REQUIRED ACTION: Exercise in exact copying: restate word for word only the lines below from the one containing "Conforme las solicitudes" through the one containing "A la hora de", omitting any pictures.

THE DATA:
◆ ◆ ◆
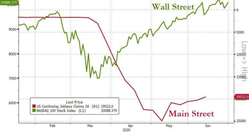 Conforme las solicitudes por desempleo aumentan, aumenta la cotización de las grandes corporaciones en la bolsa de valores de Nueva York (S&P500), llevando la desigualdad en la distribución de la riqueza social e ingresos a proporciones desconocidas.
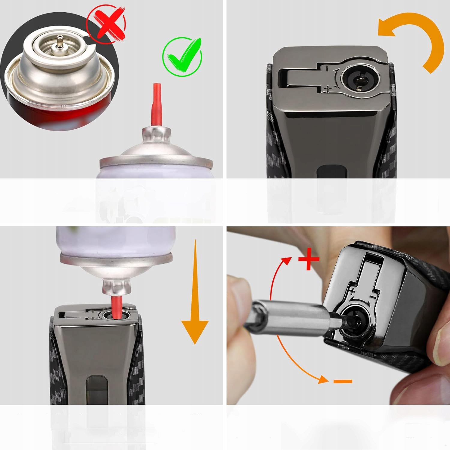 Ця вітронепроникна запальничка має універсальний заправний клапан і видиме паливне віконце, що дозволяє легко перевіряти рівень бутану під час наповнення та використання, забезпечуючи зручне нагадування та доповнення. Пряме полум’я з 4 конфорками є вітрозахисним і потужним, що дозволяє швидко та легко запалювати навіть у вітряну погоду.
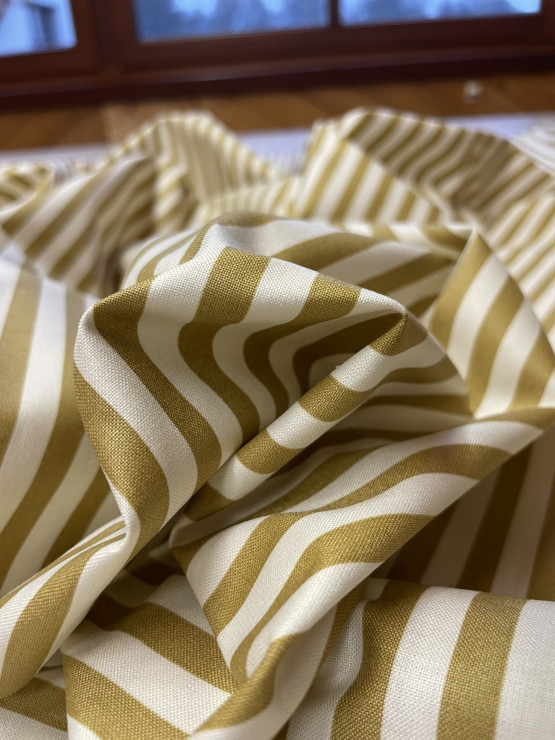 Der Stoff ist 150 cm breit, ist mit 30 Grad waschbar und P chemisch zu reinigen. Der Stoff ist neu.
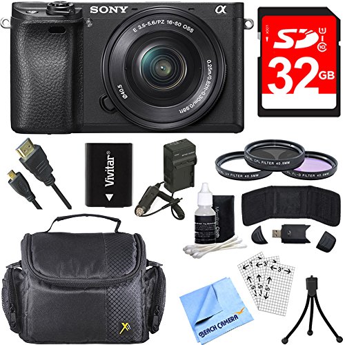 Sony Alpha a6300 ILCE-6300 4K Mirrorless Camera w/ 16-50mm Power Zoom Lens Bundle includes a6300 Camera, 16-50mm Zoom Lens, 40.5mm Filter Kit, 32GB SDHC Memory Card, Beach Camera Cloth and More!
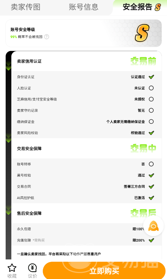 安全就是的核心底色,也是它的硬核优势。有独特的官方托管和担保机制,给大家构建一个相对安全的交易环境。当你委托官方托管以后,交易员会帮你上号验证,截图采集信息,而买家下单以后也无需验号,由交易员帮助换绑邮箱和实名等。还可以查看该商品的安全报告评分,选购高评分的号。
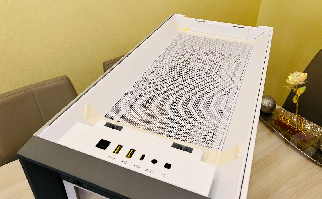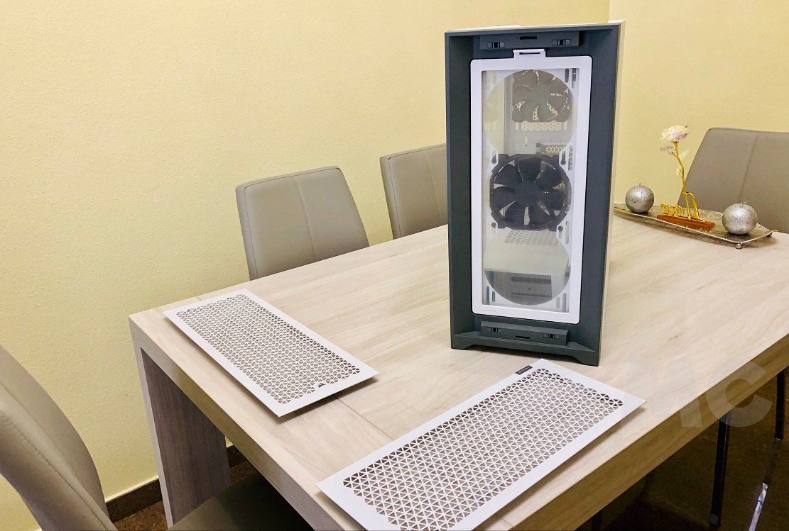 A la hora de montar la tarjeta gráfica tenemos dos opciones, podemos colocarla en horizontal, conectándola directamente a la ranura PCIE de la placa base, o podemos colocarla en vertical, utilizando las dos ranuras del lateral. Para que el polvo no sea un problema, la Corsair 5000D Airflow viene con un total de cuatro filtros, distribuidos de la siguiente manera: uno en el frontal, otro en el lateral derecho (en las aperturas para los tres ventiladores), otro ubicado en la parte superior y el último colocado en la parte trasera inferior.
◆ ◆ ◆
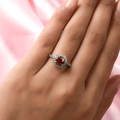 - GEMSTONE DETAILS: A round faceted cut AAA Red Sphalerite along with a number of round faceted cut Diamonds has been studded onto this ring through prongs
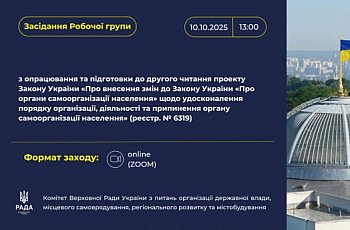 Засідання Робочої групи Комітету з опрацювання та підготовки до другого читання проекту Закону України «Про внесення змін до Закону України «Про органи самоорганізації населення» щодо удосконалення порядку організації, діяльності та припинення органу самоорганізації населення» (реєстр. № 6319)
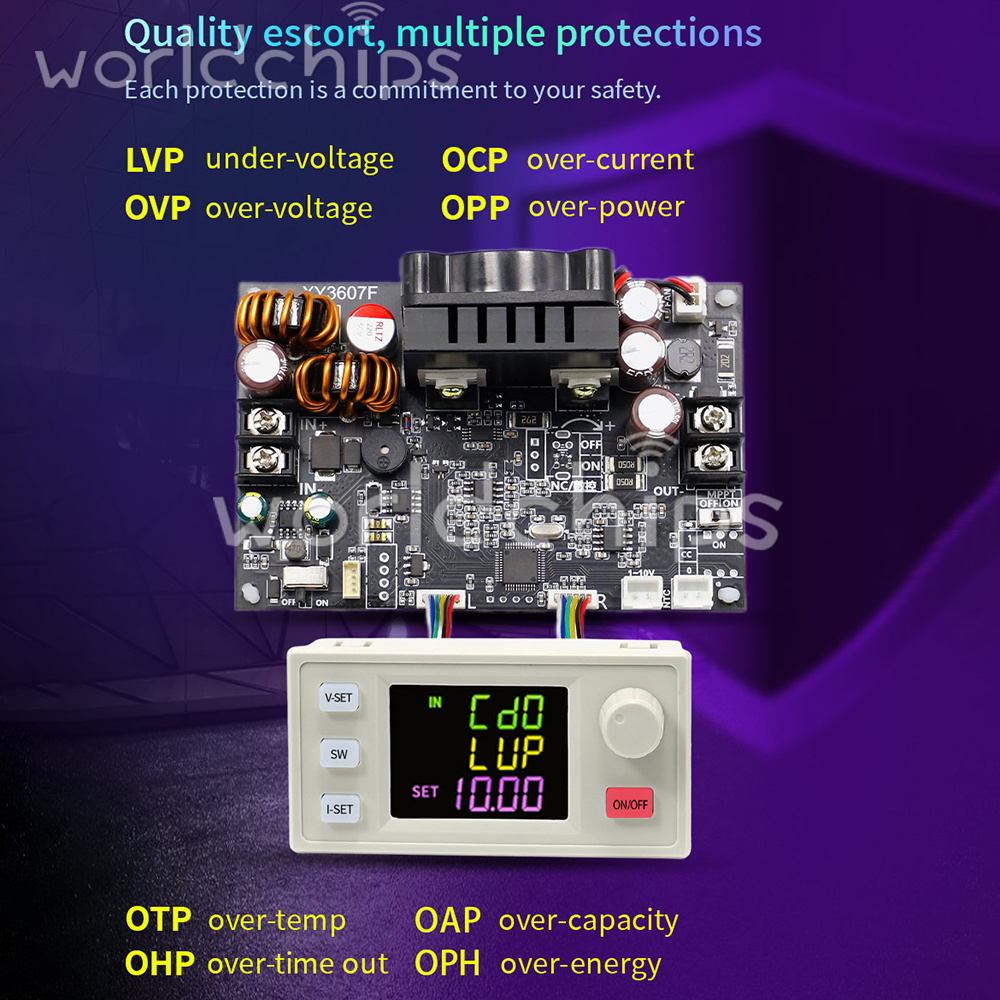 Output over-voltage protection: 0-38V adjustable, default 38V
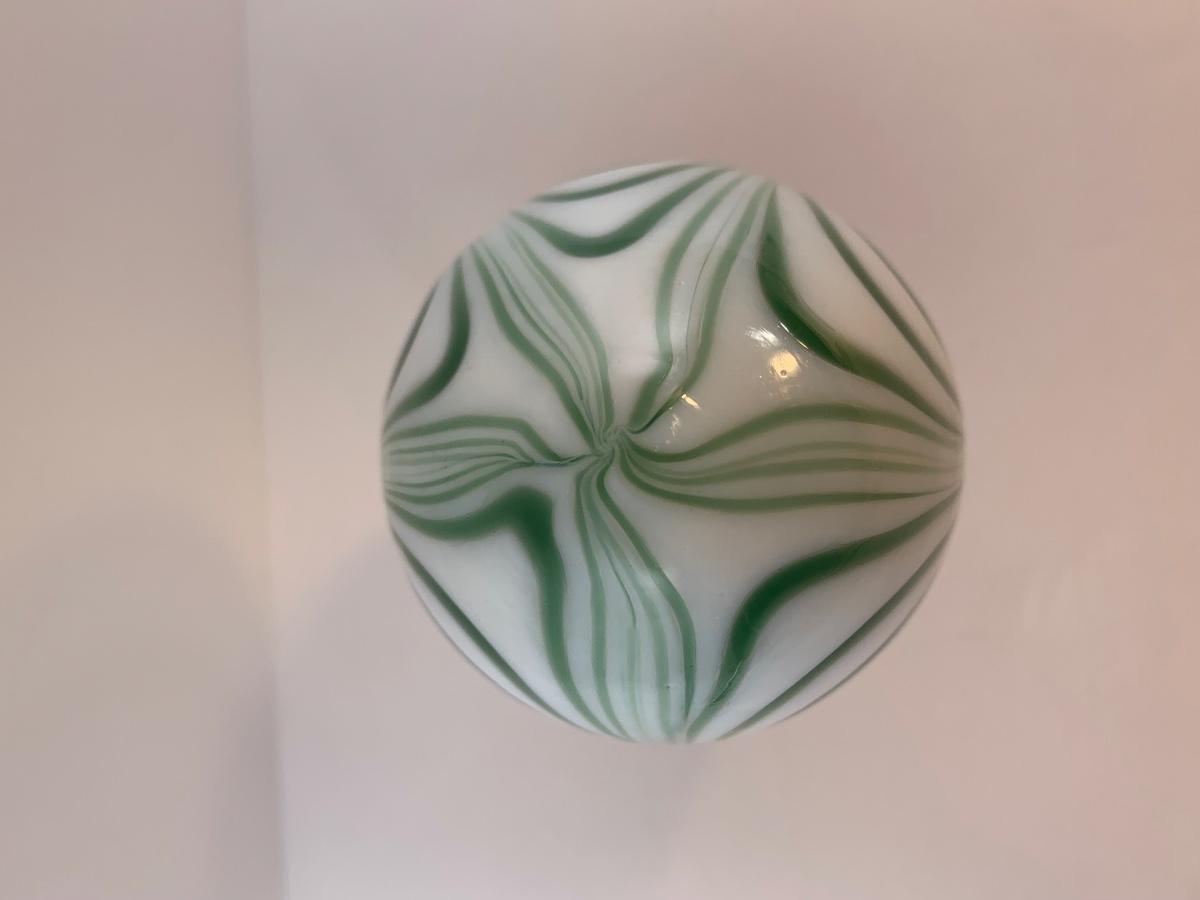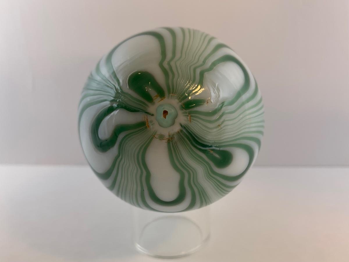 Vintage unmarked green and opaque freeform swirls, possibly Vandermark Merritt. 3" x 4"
◆ ◆ ◆
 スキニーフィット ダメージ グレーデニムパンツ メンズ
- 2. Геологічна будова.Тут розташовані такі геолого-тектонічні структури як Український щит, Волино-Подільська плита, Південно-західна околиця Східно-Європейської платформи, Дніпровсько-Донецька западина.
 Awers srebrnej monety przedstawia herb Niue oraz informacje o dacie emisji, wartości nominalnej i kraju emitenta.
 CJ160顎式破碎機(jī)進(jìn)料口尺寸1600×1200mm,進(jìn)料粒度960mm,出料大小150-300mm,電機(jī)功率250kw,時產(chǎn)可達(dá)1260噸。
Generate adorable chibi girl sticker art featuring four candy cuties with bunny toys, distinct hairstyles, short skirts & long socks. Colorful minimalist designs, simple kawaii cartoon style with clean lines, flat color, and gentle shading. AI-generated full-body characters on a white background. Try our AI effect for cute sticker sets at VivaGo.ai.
◆ ◆ ◆
WRITTEN SOLUTION:
 Conforme las solicitudes por desempleo aumentan, aumenta la cotización de las grandes corporaciones en la bolsa de valores de Nueva York (S&P500), llevando la desigualdad en la distribución de la riqueza social e ingresos a proporciones desconocidas.
 Ця вітронепроникна запальничка має універсальний заправний клапан і видиме паливне віконце, що дозволяє легко перевіряти рівень бутану під час наповнення та використання, забезпечуючи зручне нагадування та доповнення. Пряме полум’я з 4 конфорками є вітрозахисним і потужним, що дозволяє швидко та легко запалювати навіть у вітряну погоду.
 Der Stoff ist 150 cm breit, ist mit 30 Grad waschbar und P chemisch zu reinigen. Der Stoff ist neu.
 Sony Alpha a6300 ILCE-6300 4K Mirrorless Camera w/ 16-50mm Power Zoom Lens Bundle includes a6300 Camera, 16-50mm Zoom Lens, 40.5mm Filter Kit, 32GB SDHC Memory Card, Beach Camera Cloth and More!
 安全就是的核心底色,也是它的硬核优势。有独特的官方托管和担保机制,给大家构建一个相对安全的交易环境。当你委托官方托管以后,交易员会帮你上号验证,截图采集信息,而买家下单以后也无需验号,由交易员帮助换绑邮箱和实名等。还可以查看该商品的安全报告评分,选购高评分的号。
 A la hora de montar la tarjeta gráfica tenemos dos opciones, podemos colocarla en horizontal, conectándola directamente a la ranura PCIE de la placa base, o podemos colocarla en vertical, utilizando las dos ranuras del lateral. Para que el polvo no sea un problema, la Corsair 5000D Airflow viene con un total de cuatro filtros, distribuidos de la siguiente manera: uno en el frontal, otro en el lateral derecho (en las aperturas para los tres ventiladores), otro ubicado en la parte superior y el último colocado en la parte trasera inferior.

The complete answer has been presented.